I think we can all agree 2016 has been a crap year but it has taught me a lot. It's taught me a lot about me. It's taught me I'm stronger than I think I am, that this world is full of fake people but it's also full of the best people you will ever meet so the more fakes you kick out of your life the more space there is for the true and most importantly that I pretend to be something I'm not.
Recent events have shown me that I have 3 different personalities; the one my family wants me to be, the one my college wants me to be and the one my friends see but not any more. As of 2017 everything is going to change. I will be who I want to be and if people don't like it then I don't need them in my life. This year I've been able to get rid of so many fake people who pretended to care and I pretended to be someone I'm not to keep them but no more.

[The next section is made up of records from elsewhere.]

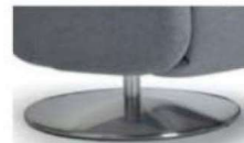
Tellerfuß* Metall Alu gebürstet, silber matt
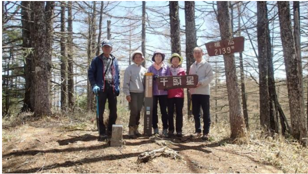
展望無しの千頭星山山頂
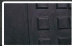
Base moulée en ABS / Molded ABS fiberglass base
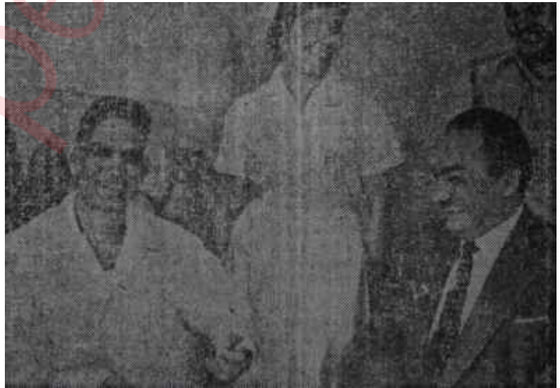
General Kasım hastahanedede

Bağdatta bu nümayişler yapılırken, Hür Dünya çevreleri, Irak Komünistlerinin yediği bu darbelerden memnuniyet izhar ediyorlardı. Fakat, bu memnuniyet çok sürmedi. Başbakan Abdülkerim Kasım tam bu sırada söylediği bir nutukla terazinin kefesini tekrar Komünistlerden yana kaydırıldı. Kasım, geçen 14 Temmuzda Kerkükte Komünist Kürt un-
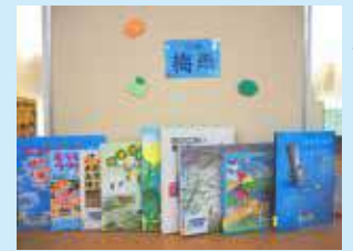
梅雨の季節に合わせた特集コーナー
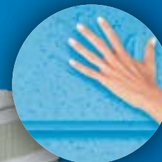
Eternity matrac dupla Cool ViscoGel réteggel
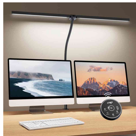
Visuel de référence: montre le produit en utilisation
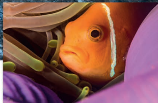
Indrukwekkende scherpe opnamen met de DC2000.

Uit te breiden met "Seadragon" flietsers en verlichting.
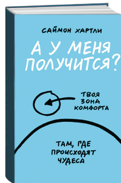
«А У МЕНЯ ПОЛУЧИТСЯ?» Саймон Хартли

Главный герой книги герцог Альберт Йоркский с детства страдает заиканием: каждое публичное выступление для него – настоящая пытка. Молодой человек пытается бороться с недостатком при помощи специалистов, но безуспешно. В итоге он обращается к Лайонелу Логу , логопеду-самоучке, из Австралии. В 1936 году после отречения брата от престола, Альберт вопреки желанию вынужден взойти на трон. Благодаря помощи наставника и упорству Генрих VI становится блестящим оратором и символом Британии в борьбе с немецким фашизмом. История, к слову, написана внуком логопеда Марком Логом .
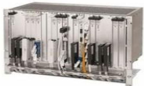
Gambar 3. Modem DNT2M

Dalam sistem jaringan baru ini yang digunakan pada receiver ialah Universal Multiplexer 1500 (UMUX 1500) yang menggantikan fungsi dari Modem DNT2M pada sistem yang lama. Sesuai yang telah diungkapkan pada sistem jaringan lama, bahwa semakin berkembangnya zaman dan teknologi maka semakin berkembang pula kebutuhan pelanggan dalam suatu jaringannya untuk melakukan komunikasi di perusahaan pelanggan tersebut. Untuk menanggulangi hal tersebut maka UMUX 1500 adalah perangkat yang ter- manage , karena UMUX adalah salah satu Multiplexer Multi Service yang di implementasikan di banyak operator telekomunikasi dunia salah satunya adalah INDOSAT.
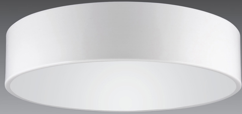
Sıva Üstü Downlights / Surface Mounted Downlights
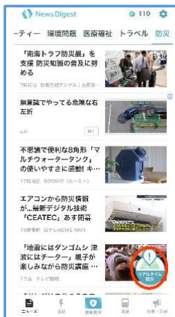
「リアルタイム防災」を選択
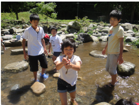
「よっしゃ!魚つかまえた!」とわっちゃん

9:10 お母さんたちに見送られて、梅田を出発です!バスの中では、すぐに打ち解けて、話を始めます。子どもってすごいな、といつも思います。
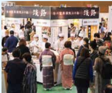
昨年、淡路島で開催された「御食国・和食の祭典」

御食国ブランドの確立を目指す「御食国淡路島」推進戦略を展開。淡路島のタマネギやレタス、果物、和牛など農畜水産物のブランド力を強化。産業の活性化を進めます。
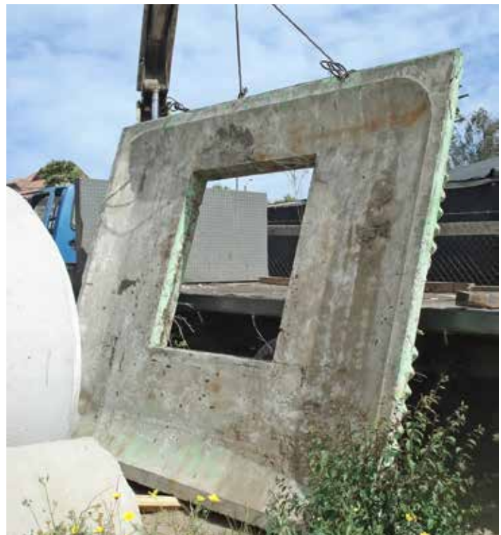
Salida de panel desde botadero de chatarra industrial hacia corral municipal, Quilpué, Chile, 12 de marzo de 2012. Panel leaving the dump of industrial junk towards the municipal junkyard

So why the change? I'm going to university. I've got my first offer in less than a week after sending it and things are looking good for the others too. I'm leaving the town I've grown up in and right now I see no reason to come back. Everyone I loved has died and right now I'm struggling to distinguish between those who take advantage of me and those that actually care and I want to know who I'm keeping when I leave. I want to know who cares and who likes me for me.
It's taken a lot of balls but it's needed. Everyone needs to. Be yourself and be happy with yourself. So who am I?
I'm a huge Paramore and All Time Low fan but I also love Ed Sheeran and The Script.
I love science but I hate maths.
I love sport but I also love lazy days reading because I'm a huge bookworm.
I speak my mind. Sometimes it'll be to tell you I love you or it could be to run. Run for your life.
I'm not overly quick to anger but I have my triggers. Disrespect me and trigger my anxiety and I'll disrespect you but worst of all don't cross my friends or I'll rip you a new one.
So this is me. Kinda punk rock, kinda chilled out. One of the most caring people you'll ever meet yet also the most psychopathic. I love unconditionally but mess with someone I love and, well, that will take a whole other post. I'm a mix and I'm happy that way. If you're happy with me that way then stick around but if not I don't need to be dealing with you. It's people like you that have left me so severely depressed this year.
On a side not I'm aiming for at least one post a week.
Thats all from me so there's just one thing left to say...
Thanks very much 2016, you've well and truly fucked us up the arse!